"We weren't even near him. He had gone over for a peek at that precipitous edge. We were quite far away, many yards from him, the three of us together. He must have had a seizure, a dizzy spell. We heard the scream as he slipped, toppled — and then he was gone. The Vermont police examined the site after we reported it. It had begun to snow and they could not make out any footprints on the edge. But from the points of the jagged crags below, which they could reach, they recovered bits of bone, bits of flesh, and bits of the ski suit he had been wearing. The body, of course, was never recovered." He put the tip of his right index finger between his teeth and bit upon the fingernail, audibly.

"Mr. Troy," I said. "Do you have any idea as to why your sister has come up with this-wild story of hers?"

"I'm afraid there's only one explanation. I believe her to be in the throes of a severe nervous breakdown."

"But is there any basis for it? Any past history? Any reason?"

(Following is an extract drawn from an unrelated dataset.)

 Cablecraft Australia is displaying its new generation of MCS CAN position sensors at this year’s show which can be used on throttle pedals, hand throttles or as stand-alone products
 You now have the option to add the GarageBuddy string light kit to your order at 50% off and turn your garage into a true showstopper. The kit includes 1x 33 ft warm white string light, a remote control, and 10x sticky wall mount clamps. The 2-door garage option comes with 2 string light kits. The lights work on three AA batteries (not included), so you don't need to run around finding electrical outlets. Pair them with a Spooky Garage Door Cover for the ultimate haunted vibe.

"She mentioned our reciprocal wills to you, didn't she?"

"Yes," I said.

"Well, Adam's estate, after taxes, was divided into approximately fifty thousand dollars for each of us. My brother Joseph, a childless widower, was a rather conservative man, as am I. We put that money away and continued in the even tenor of our ways — but not so Sylvia. She quit her nightclub work, went off to Europe, and within a year, she had squandered her inheritance in toto. I think this did something to her, disturbed her, that within a year she was back to where she had started. She was compelled to return to work for a living, and right then, right from the beginning, she began to act peculiarly. Then she began to prattle about a plot, our plot, to murder Adam. And now this terrible business about Adam's ghost."

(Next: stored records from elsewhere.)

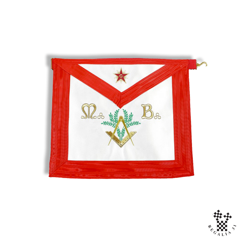 Tablier M.M., REAA, rectangle, satin, comme 1C21310, plus broderie acacia
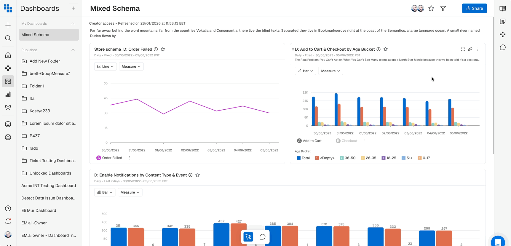 Before: Report & Dashboard headers needed improved information density and cleaner visual hierarchy due to inconsistency with modern UI patterns.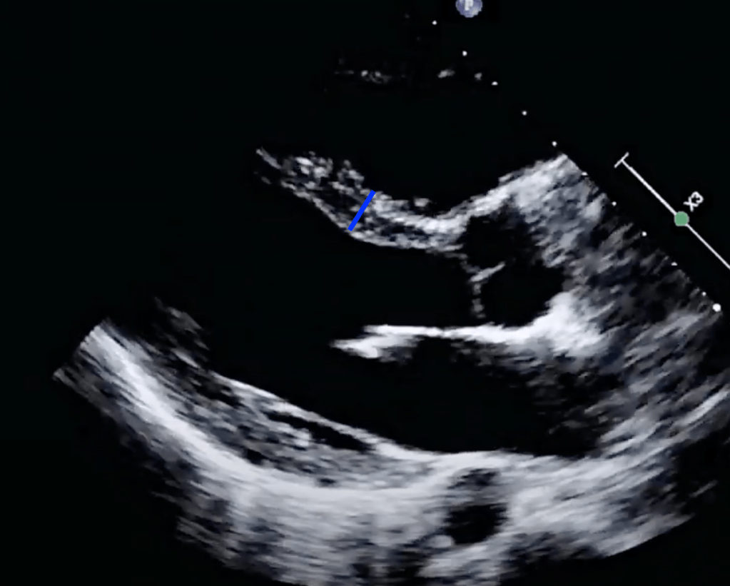 Looking at the initial EKG, you are concerned that this is possibly Wellens syndrome with Wellens waves in V2 and V3. While awaiting for cardiology to arrive, you obtain a bedside echo: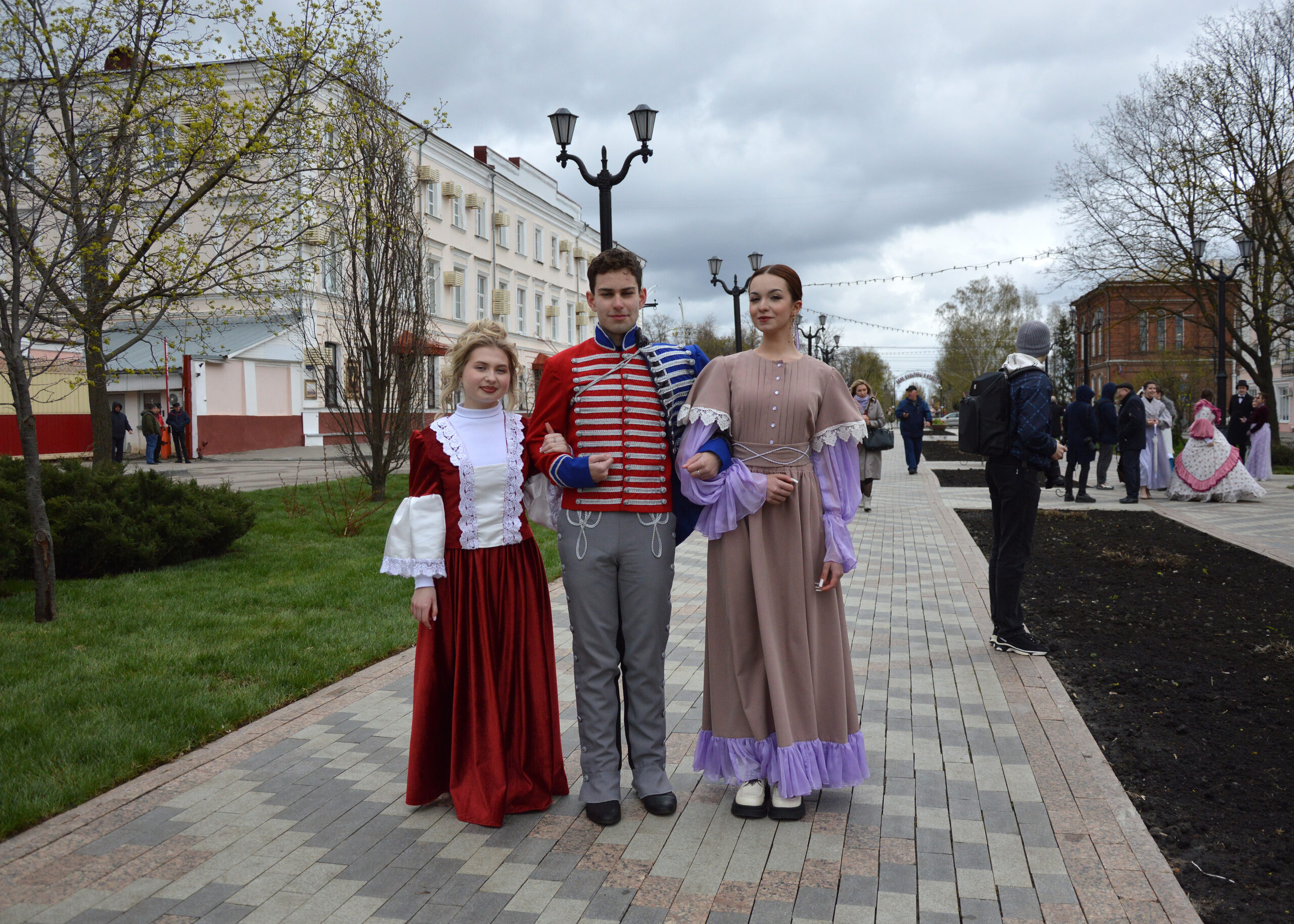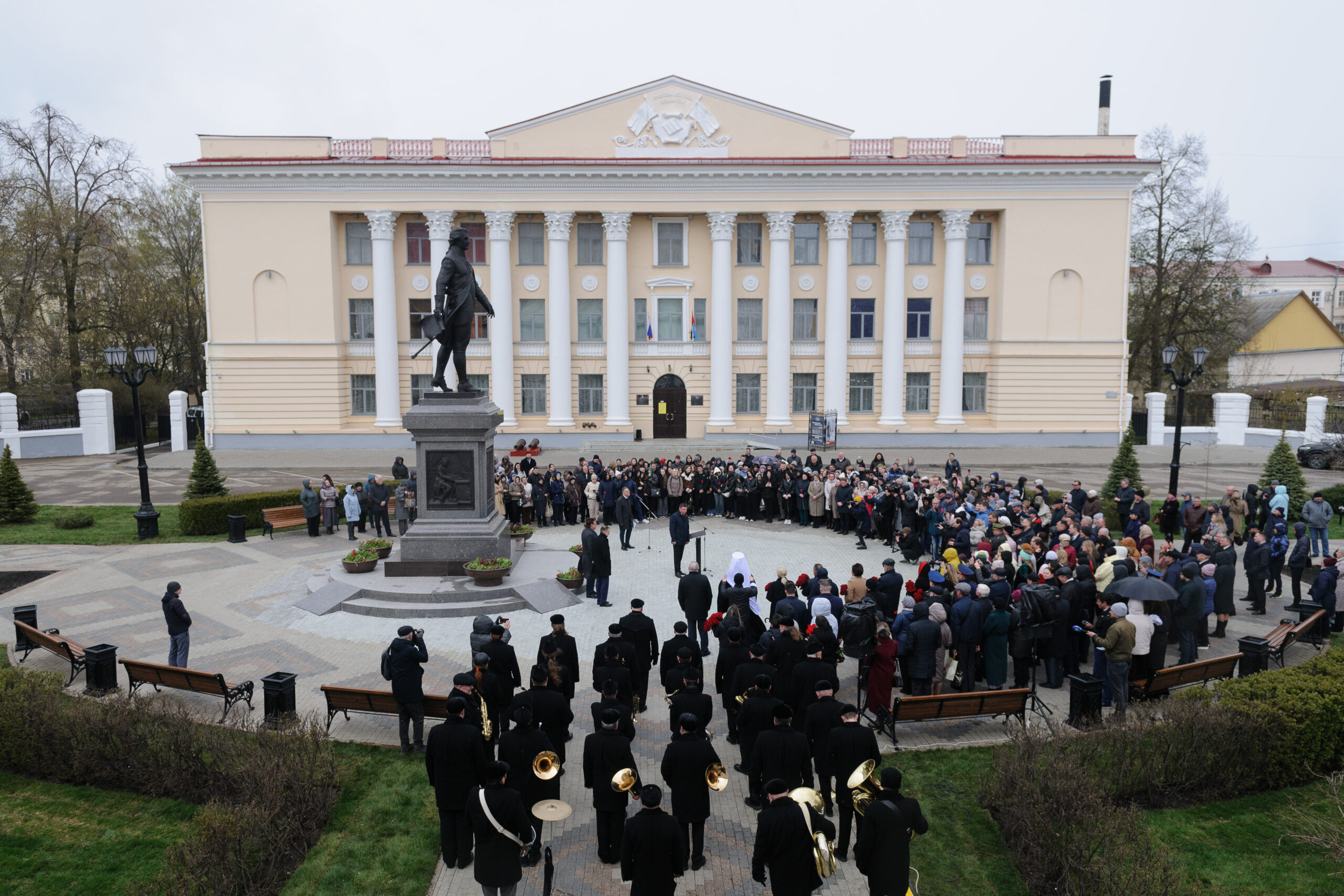 Участники торжественной церемонии открытия памятника Г.Р. Державину в одноименном сквере г. Тамбова. Общий вид. 27 апреля 2026 г. Автор съемки – А. Бучнев

"And what about Joseph?" I said. "His suicide. Would you tell me?"

"Precious little to tell. Joseph was a sweet, simple, meticulous man. He was quite a hypochondriac although he had a dread of doctors. About six months ago he developed stomach pains, nausea, vomiting. He refused to go to a doctor, but I finally dragged him. X-rays disclosed a mass in his stomach. The doctors believed it to be benign, but Joseph believed otherwise. We had arranged for an operation but, before the time for it arrived, he killed himself."